Posted by russell at 12:29 PM | Comments (14)

October 28, 2003

sometimes i babble

A rather - well, let's say entirely one-sided conversation in chat tonight:

/m dodd do you have much experience with trying to schedule things with sub-millisecond precision in win32?
/m dodd i'm trying to fire midi events as accurately as possible (from an automatic music-composition program)
/m dodd first attempt, check time with queryperformancecounter, if not time to do something, Sleep(0)
/m dodd yielded frequent 3-millisecond delays between checks, occasionally worse
/m dodd but sometimes much shorter time between checks, so task manager claimed i was using 99% of cpu
/m dodd i set my app to "high" priority class, but changed the Sleep(0) to Sleep(1), and things got much nicer: typical 1.0-1.3ms precision, and very low indicated CPU usage
/m dodd what I kinda want at this point is Sleep(0.1), but that's not really supported :)
/m dodd apparently, waitable timers can be much more precise but i'm not sure it's worth the hassle
/m dodd i'm also gonna try going to Realtime priority class but with the Sleep(1) still in there, see if it tends to wedge the system
/m dodd hmm, realtime/Sleep(1) works really well
/m dodd i can live with 1ms resolution
/m dodd glad we had this little chat!

(15 minutes later)

<*dodd*> ;)
<*dodd*> glad you got it to work ;)

Posted by russell at 09:57 PM | Comments (963)

October 27, 2003

Is this counterproductive yet?

Hey Diebold: how about links to links to links to links to your memos?
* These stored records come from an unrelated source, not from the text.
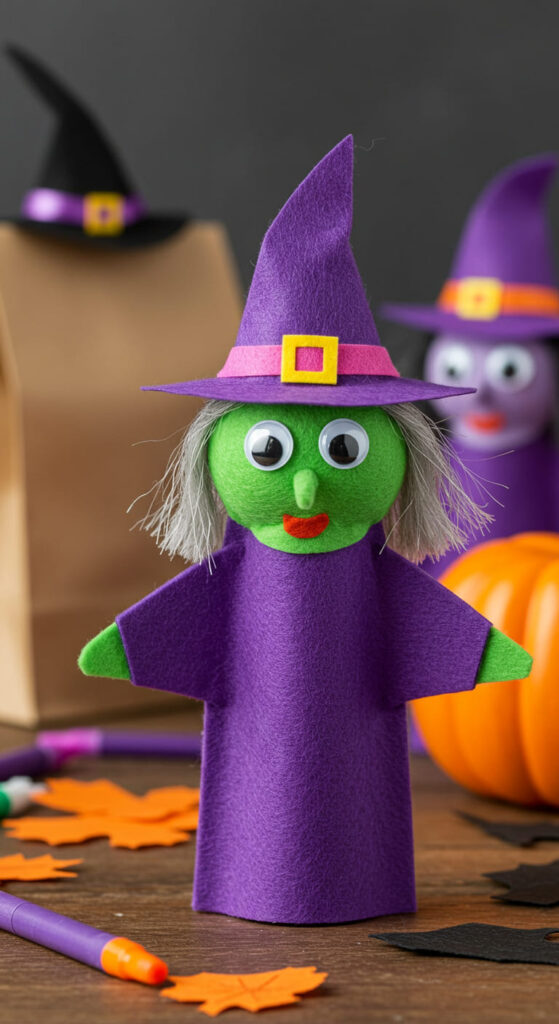 Witch puppets and figures bring a sprinkle of magic to Halloween crafting, inviting children to immerse themselves in a world of storytelling and imagination.
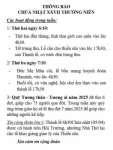 - Chúa Nhật 27 Thường Niên 05/10/2025 Mừng Kính Trọng Thể Lễ Đức Mẹ Mân Côi. Bổn mạng Giáo họ Mân Côi, Quý Dì Tu Xá Đaminh, Huynh Đoàn Đaminh và Gia Đình Mân Côi
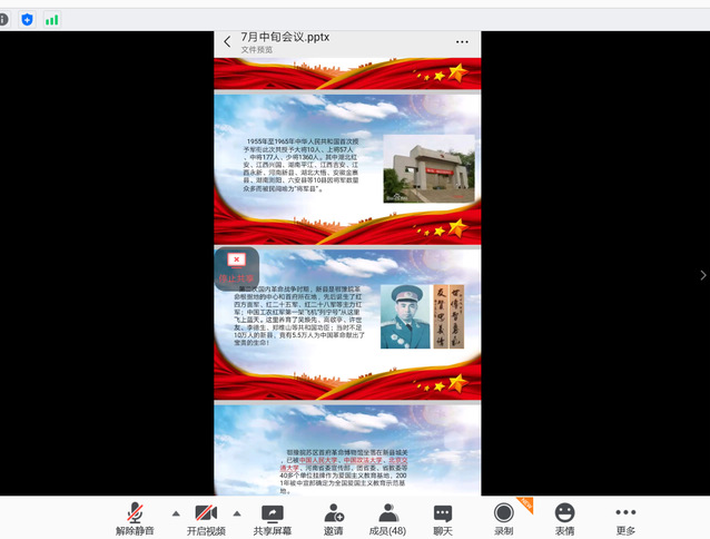 裴瑞华同志前往红色基地制作课件并在会上分享说:参观石林会议旧址,了解那段峥嵘岁月,沿着历史的车轮,重温石林红色记忆。她在会上为大家介绍了石林会议召开的背景及历史意义,以及解放军驻扎石林不拿群众一针一线优良作风的行为,让我们深刻认识到了作为一名共产党员的责任和使命。学习先辈们为党和人民的事业,敢于流血牺牲的大无畏革命精神,学习他们听从组织召唤、服从组织安排的党性原则,学习他们任劳任怨、无私奉献的高尚品格,激励我们不畏艰难,勇往直前,成为我们踏上新征程、实现新目标的坚强动力。
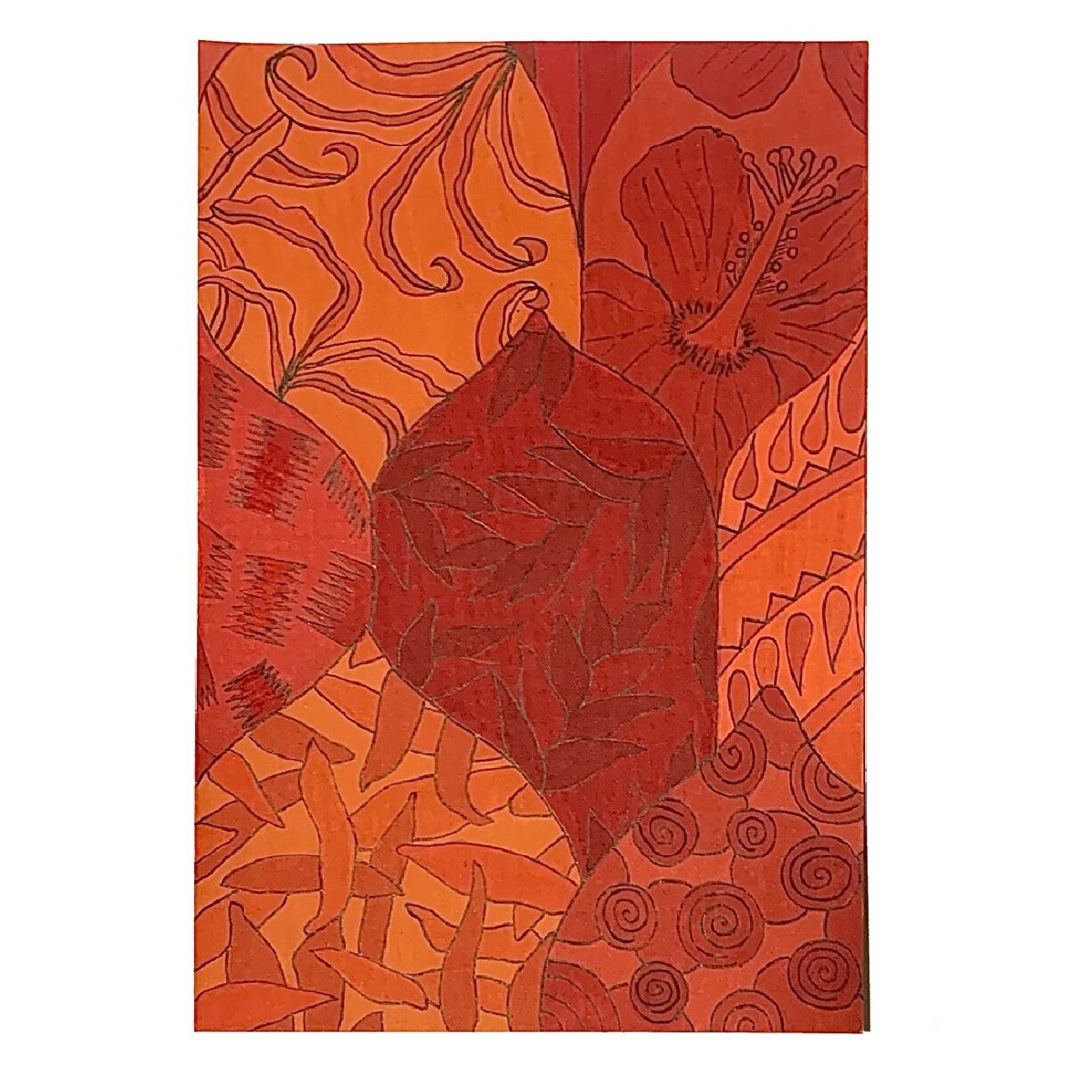 はがきサイズのカードに水彩ペンを塗り重ねその上に様々な柄を描いた一点作品です。
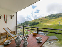 3-rums-lägenhet 35 m2 på 9. våningen, sydläge. Vackert och mysigt inredd: vardags-/matrum med TV (flatscreen TV), elektrisk fönsterlucka. Utgång till balkongen, mot söder. 1 litet rum med skjutdörr, utan fönster med 1 fransk säng (140 cm, längd 190 cm). 1 litet rum med 1 x 2 våningssängar (80 cm, längd 190 cm), elektrisk fönsterlucka. Utgång till balkongen, mot söder. Kokvrå (diskmaskin, 2 kokplattor - glaskeramikhäll, brödrost, vattenkokare, frys, elektrisk kaffemaskin, Kapslar till kaffemaskin (Nespresso) extra, raclettegrill, kombinerad mikrovågsugn, fondueset (ost )) med bar. Badkar, sep. Toalett. Eluppvärmning. Parkettgolv. Balkong 17 m2, sydläge. Balkongmöbler, vilstolar (1). Utsikt på skidbackarna. Till förfogande: tvättmaskin, strykjärn. Internet (Trådlös LAN [WLAN] , extra). Notera: rökfri lägenhet. Brandvarnare. Annonsering av en privatperson enligt artikel 155, IV, CGI.- Utrustning
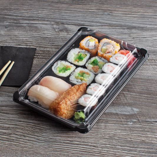 Sushi Container with 6 packs by 100 Sushi Container Trays with Lids - 600/case [500EPSH3CBK]

I swear, the next time I want massive traffic to one of my web sites, I'm going to make up some shit about some big company trying to suppress the site. Pretty soon I'll have all sorts of gung-ho web activists linking to it...


I love it.

Posted by russell at 12:51 PM | Comments (60)

October 24, 2003

you were expecting maybe Hemingway?

I just finished Jonathan Lethem's Fortress of Solitude. Loved it. It reads like Kavalier and Clay crashed headlong into High Fidelity and the two landed, irrevocably entangled, in the gutter. Very gritty, very real. Despite the one surreal/fantastic element involved; this is Lethem after all.

I just started Neal Stephenson's Quicksilver. I've been seeing about 2-to-1 negative comments about it online, people complaining that it's too boring, long-winded, convoluted, hard to follow. Admittedly I'm now only about twenty pages in, but I'm digging it, and I'm wondering 'why the hell did these people pick the book up in the first place?'

This is Neal Stephenson, folks, the man who devoted half a page to describing the taste of steak sauce in The Diamond Age, who has been writing longer and longer books, more and more complicated books, books whose apparently trivial digressions occasionally become critical plot elements. Quicksilver, all 944 pages of it, is subtitled 'Volume 1 of the Baroque Cycle'; what more warning do you need that this is going to be long-winded, convoluted, and hard to follow?

It's not like Stephenson's plot resolutions have ever been really satisfying. No one's ever going to accuse him of writing "taut, gripping thrillers". I'm here for the digressions, the scenery, the trivia, the geeky in-jokes ("tastes like iridium, as usual"), in short, the Baroque of it.

Eh, what do I know. Like I said, I just started the damn thing. Maybe it'll wear on me.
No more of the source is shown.